Monday, December 08, 2003

In The New Yorker, John Cassidy catches The New York Times falling for the hype:

Things are looking up --according to George W. Bush and the Times, anyway. Last Tuesday, the paper led its front page with this sunny triple-decker: MANUFACTURING AT HIGHEST LEVEL IN TWO DECADES; HIRING OUTLOOK IS UPBEAT; STOCKS AT 18-MONTH PEAK ON RUN OF POSITIVE DATA --BUSH OPTIMISTIC. The headline's main claim, however, was inaccurate. It misinterpreted an economic indicator that is designed to gauge whether factories are churning out more or less stuff than they did last month, not absolute levels of production. The most reliable measure of how manufacturing is doing is the Federal Reserve's index of industrial production, which in October was 112.7, compared with a high of 118.4 in June of 2000. The November figure comes out next week. A six-point jump isn't impossible, but it would be virtually unprecedented.

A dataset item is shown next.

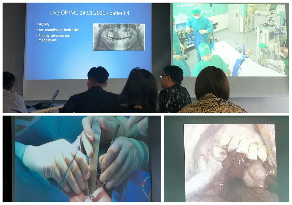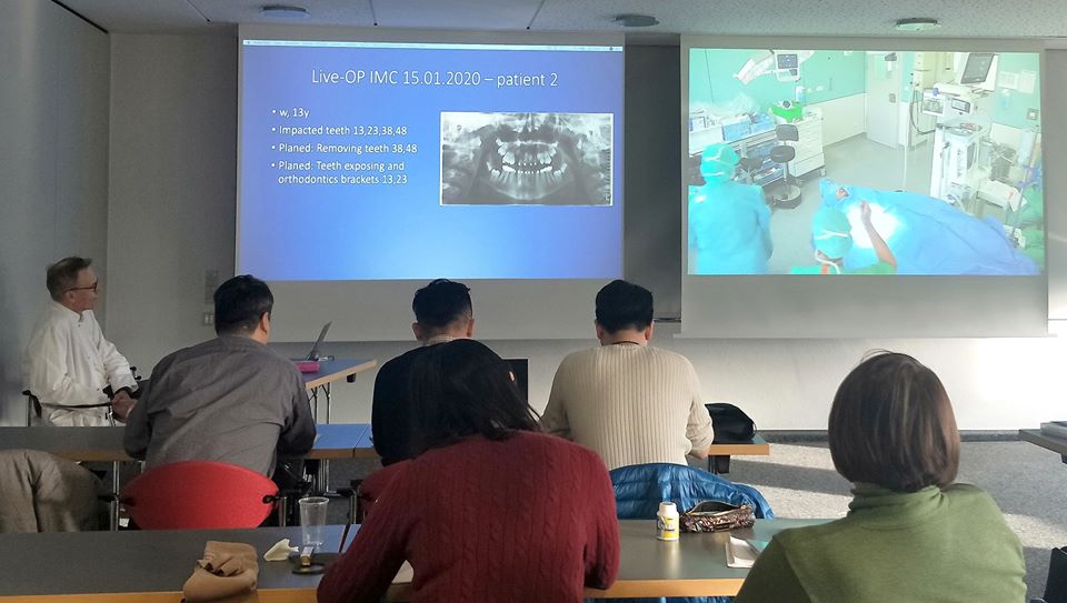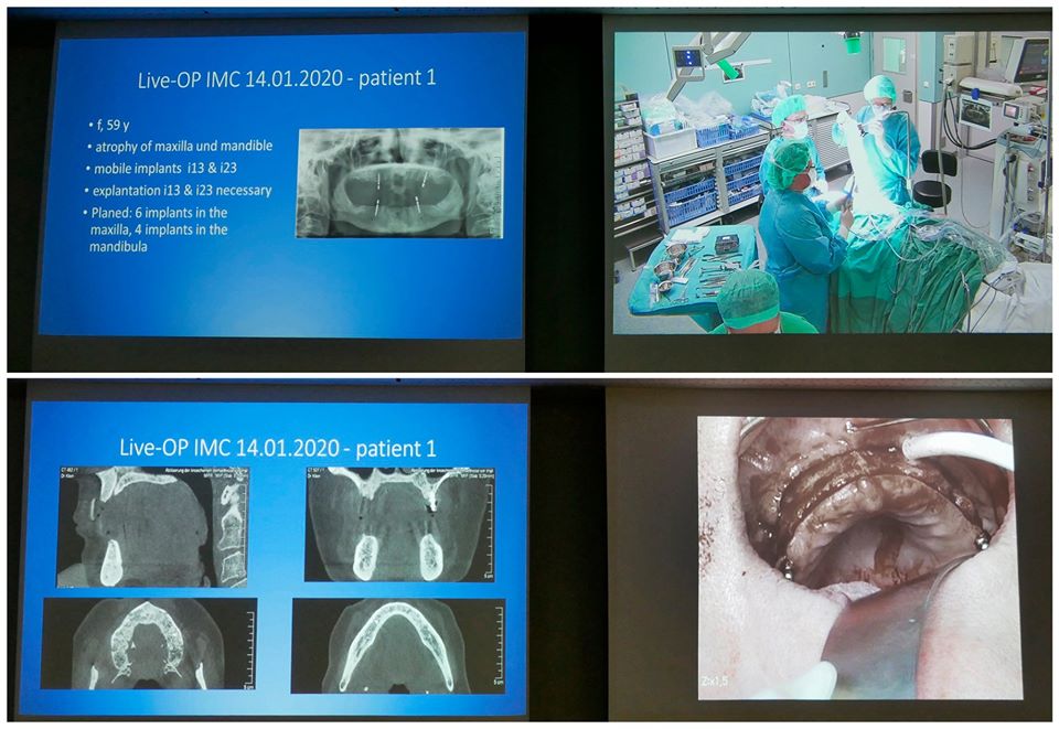 两天的课程中,分别由德国埃森米特医院种植牙中心主任Prof. Dr. med. dent. Thomas Weischer 、德国埃森米特医院颅颚面外科主任Univ.-Prof. Dr. Dr. Christopher Mohr 及 Dr. Moritz 轮流主刀植体种植手术,学员以 Live OP 方式于教室观摩,包含不同病例的种植牙手术:全口无牙及上颚萎缩患者种植牙、长囊肿患者之拔牙及囊肿移除、下颚双侧长骨疣患者之磨除、上下颚种植牙后植体失去固定牙龈的患者种植牙等。

What we can be sure of is that most manufacturing companies are still operating well below capacity, and that millions of manufacturing jobs have been lost. In October, 73.5 per cent of plants and equipment were in active use. Three years ago, more than eighty per cent were. When President Bush took office, about 17.1 million Americans worked in factories; today, 14.5 million do. Last month, another seventeen thousand manufacturing jobs disappeared. Manufacturing employment has now fallen for forty straight months.